Advantages and Disadvantages of Using CSS
In modern web design culture, the use of style sheet languages such as CSS has become a popular tool and trend for web designers. The use of CSS started when the need for functional web designs, both effective and efficient, were in great demand and the use of table weren't as effective and as efficient as anyone have thought. Several advantages has been cited as to why CSS became accepted in the growing industry of web design. Such advantages are as follows:
* Bandwidth - A stylesheet will usually be stored in the browser cache, and can therefore be used on multiple pages without being reloaded, increasing download speeds and reducing data transfer over a network.
* Reformatting or Progressive Enhancement - With a simple change of one line, a different stylesheet can be used for the same page. This has advantages for accessibility, as well as providing the ability to tailor a page or site to different target devices. Furthermore, devices not able to understand the styling will still display the content.

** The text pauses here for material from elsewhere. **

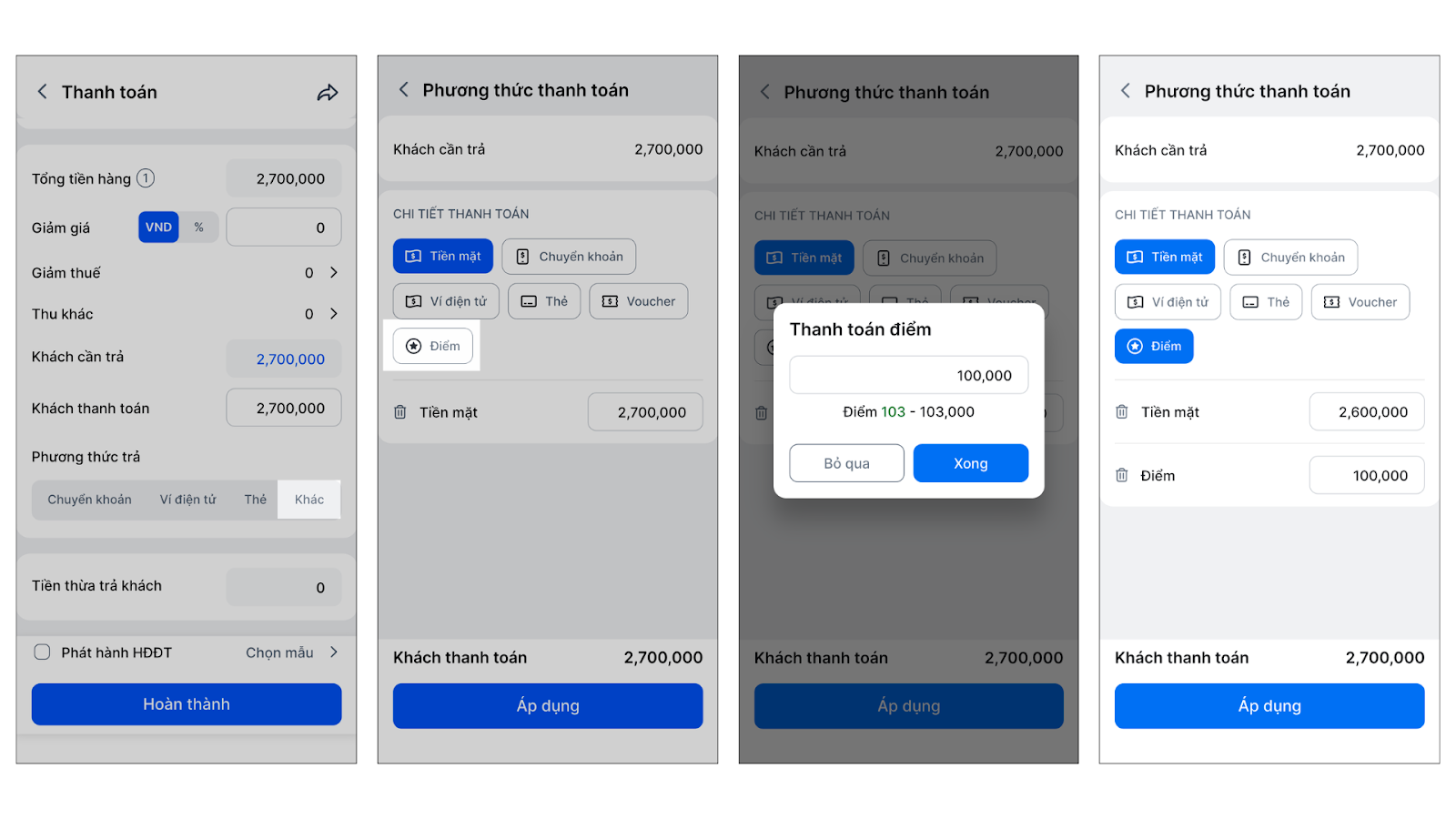 - Chọn Điểm → nhập số tiền muốn dùng → nhấn Xong.

* Flexibility - By combining CSS with the functionality of a Content Management System, a considerable amount of flexibility can be programmed into content submission forms. This allows a contributor, who may not be familiar or able to understand or edit CSS or HTML code to select the layout of an article or other page they are submitting on-the-fly, in the same form.
* Consistency - When CSS is used effectively, in terms of inheritance and "cascading," a global stylesheet can be used to affect and style elements site-wide. If the situation arises that the styling of the elements should need to be changed or adjusted, these changes can be made easily, simply by editing a few rules in the global stylesheet.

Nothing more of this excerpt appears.